Massive crowds from all corners of Yangon gathered in townships, filling streets as they headed in the direction of the Sule Pagoda on the coronary heart of town, additionally a rallying level in the course of the Buddhist monk-led 2007 protests and others in 1988.

A line of armed police with riot shields arrange barricades however didn’t strive to cease the demonstration. Some marchers introduced police with flowers as an indication of peace.

Protesters gestured with the three-finger salute that has develop into a logo of protest in opposition to the coup. Drivers honked their horns and passengers held up pictures of Suu Kyi.

“We don’t want a dictatorship for the next generation,” stated 21-year-old Thaw Zin. “We will not finish this revolution until we make history. We will fight to the end.”
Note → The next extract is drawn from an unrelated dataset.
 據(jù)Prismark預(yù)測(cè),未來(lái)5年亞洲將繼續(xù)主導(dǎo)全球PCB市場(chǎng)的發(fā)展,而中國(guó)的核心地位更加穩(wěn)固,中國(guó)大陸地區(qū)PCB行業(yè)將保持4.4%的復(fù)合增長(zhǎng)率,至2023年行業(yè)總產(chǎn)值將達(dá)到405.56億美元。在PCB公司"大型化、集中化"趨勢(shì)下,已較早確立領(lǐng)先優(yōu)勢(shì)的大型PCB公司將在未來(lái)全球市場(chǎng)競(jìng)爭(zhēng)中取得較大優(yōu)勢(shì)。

There was no remark from the junta within the capital Naypyitaw, greater than 350 km (220 miles) north of Yangon and state-run tv information carried no point out of the protests.

An inside word for U.N. workers estimated that 1,000 individuals joined a protest in Naypyidaw whereas there have been 60,000 in Yangon alone. Protests have been reported within the second metropolis of Mandalay and plenty of cities and even villages throughout the nation of 53 million people who stretches from Indian Ocean islands to the fringes of the Himalayas.
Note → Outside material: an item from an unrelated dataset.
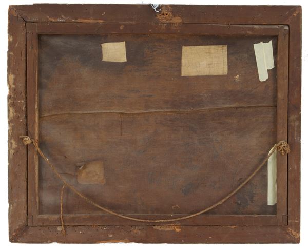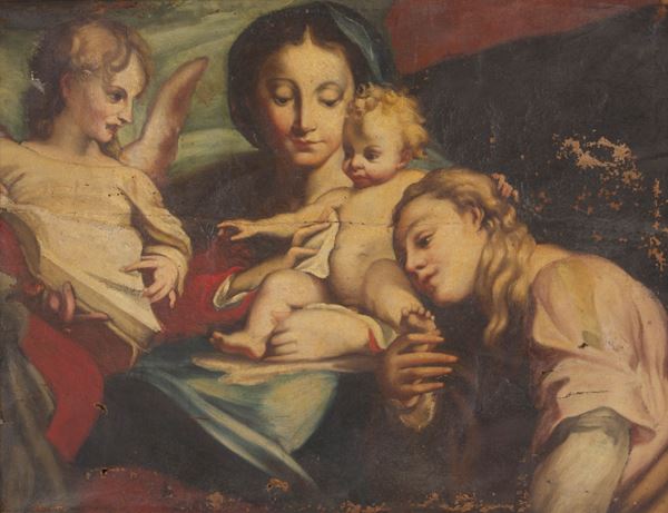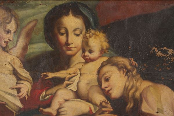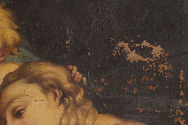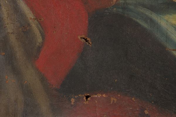 Dipinto olio su tela raffigurante "SPOSALIZIO MISTICO DI SANTA CATERINA CON ANGELO". XVIII secolo. In cornice coeva. Difetti e restauri.
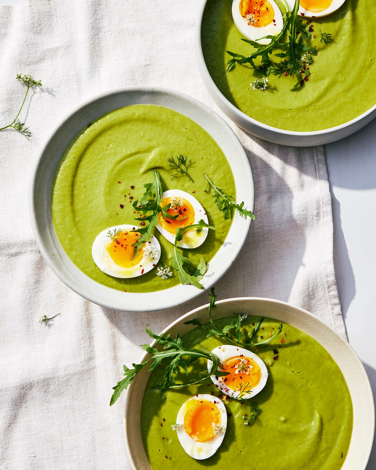 Your daily greens disguised as potato soup! This warm and creamy arugula vichyssoise was broadly adapted from Giada De Laurentiis’s fantastic recipe. I’ve omitted the two forms of dairy (Parmesan and mascarpone) contained in the original recipe, and I’ve replaced the Yukon Gold potatoes with Hannah sweet potatoes, which are white-fleshed and less sweet than other sweet potatoes. I limit the sweet potatoes to one pound, allowing the other ingredients to take center stage and balance their subtle sweetness. To make it a complete meal, I top each bowl with a halved jammy egg.

The demonstrations have largely been peaceable, not like the bloody crackdowns seen in 1998 and 2007.

But pictures have been heard within the southeastern city of Myawaddy as uniformed police with weapons charged a gaggle of a few hundred protesters, the stay video confirmed. Pictures of protesters afterward confirmed what appeared to be rubber bullet accidents.

“ANYTHING’S POSSIBLE”

“Anti-coup protests show every sign of gaining steam. On the one hand, given history, we can well expect the reaction to come,” wrote creator and historian Thant Myint-U on Twitter.

“On the other, Myanmar society today is entirely different from 1988 and even 2007. Anything’s possible.”
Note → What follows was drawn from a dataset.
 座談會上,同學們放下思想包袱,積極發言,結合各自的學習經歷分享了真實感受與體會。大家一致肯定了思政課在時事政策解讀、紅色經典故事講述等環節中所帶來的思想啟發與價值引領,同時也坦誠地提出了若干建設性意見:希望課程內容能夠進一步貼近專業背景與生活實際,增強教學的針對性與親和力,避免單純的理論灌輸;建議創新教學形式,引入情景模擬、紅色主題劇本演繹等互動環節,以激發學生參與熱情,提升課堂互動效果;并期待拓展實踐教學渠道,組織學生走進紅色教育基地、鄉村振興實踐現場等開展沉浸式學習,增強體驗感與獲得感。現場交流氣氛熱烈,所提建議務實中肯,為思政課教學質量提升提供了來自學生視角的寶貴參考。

With no web and official information scarce, rumors swirled in regards to the destiny of Suu Kyi and her cupboard. A narrative that she had been launched drew crowds out to rejoice on Saturday, nevertheless it was shortly quashed by her lawyer.

Suu Kyi, 75, faces fees of illegally importing six walkie-talkies and is being held in police detention for investigation till Feb. 15. Her lawyer stated he has not been allowed to see her.

She gained the Nobel Peace Prize in 1991 for campaigning for democracy and spent practically 15 years below home arrest throughout a long time of struggling to finish virtually half a century of military rule earlier than the beginning of a troubled transition to democracy in 2011.

Army commander Min Aung Hlaing carried out the coup on the grounds of fraud in a Nov. 8 election through which Suu Kyi’s get together gained a landslide. The electoral fee dismissed the allegations of malpractice.

More than 160 individuals have been arrested because the navy seized energy, stated Thomas Andrews, the United Nations particular rapporteur on Myanmar.

“The generals are now attempting to paralyze the citizen movement of resistance – and keep the outside world in the dark – by cutting virtually all internet access,” Andrews stated in a press release on Sunday.

“We must all stand with the people of Myanmar in their hour of danger and need. They deserve nothing less.”